Cutting-Edge Solutions for Biomaterials Research

Low kilovolt (kV) operation in Scanning Electron Microscopy (SEM) is essential for analysing sensitive materials and fine features, as it minimises electron beam penetration depth, reducing damage to delicate samples like biological tissues and nanostructures. This is particularly important in semiconductor research for characterising thin films and surface features.

Low kV also enhances surface sensitivity, improving imaging of surface topography while minimising charging effects that can distort signals. Recent developments in low and ultra-low voltage imaging using ZEISS Gemini have demonstrated successful imaging of various materials, including polymers and biomaterials, at voltages between 2 kV and 500 V, allowing for high-resolution imaging of beam-sensitive, non-conductive samples such as polymer battery separators, graphite and chitin.

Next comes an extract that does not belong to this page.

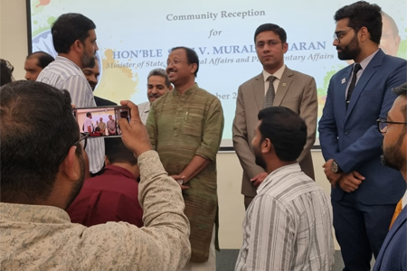 MC members greeting Honorable Shri V. Muraleedharan in Oman, Minister of state for External Affairs and Parliamentary Affairs

Tissue engineering focuses on repairing and regenerating damaged organs or tissues using ex vivo created constructs, with a primary challenge being the design of scaffolds that support three-dimensional (3D) tissue growth and wound healing for clinical applications, such as bioartificial transplants. These scaffolds must be biocompatible, highly porous, and possess adequate pore sizes to facilitate nutrient and oxygen diffusion, while also being biodegradable to allow for absorption by surrounding tissues without surgical removal.

Additionally, they should mimic the native tissue's form, architecture, and mechanical stability. The characterisation of scaffold morphology, including porosity and fiber morphology, is essential for optimising materials for specific applications. This study showed the benefits of X-ray microscopy (XRM) characterisation applied to cross-linked electrospun gelatin nanofibers. The unique phase-contrast capabilities of the ZEISS Xradia 810 Ultra microscope were utilised to enhance the contrast in the low density gelatin nanofibers. This allowed for analysis of the effects of fiber cross-linking on gelatin mat morphology, paving the way for improvements in material and process.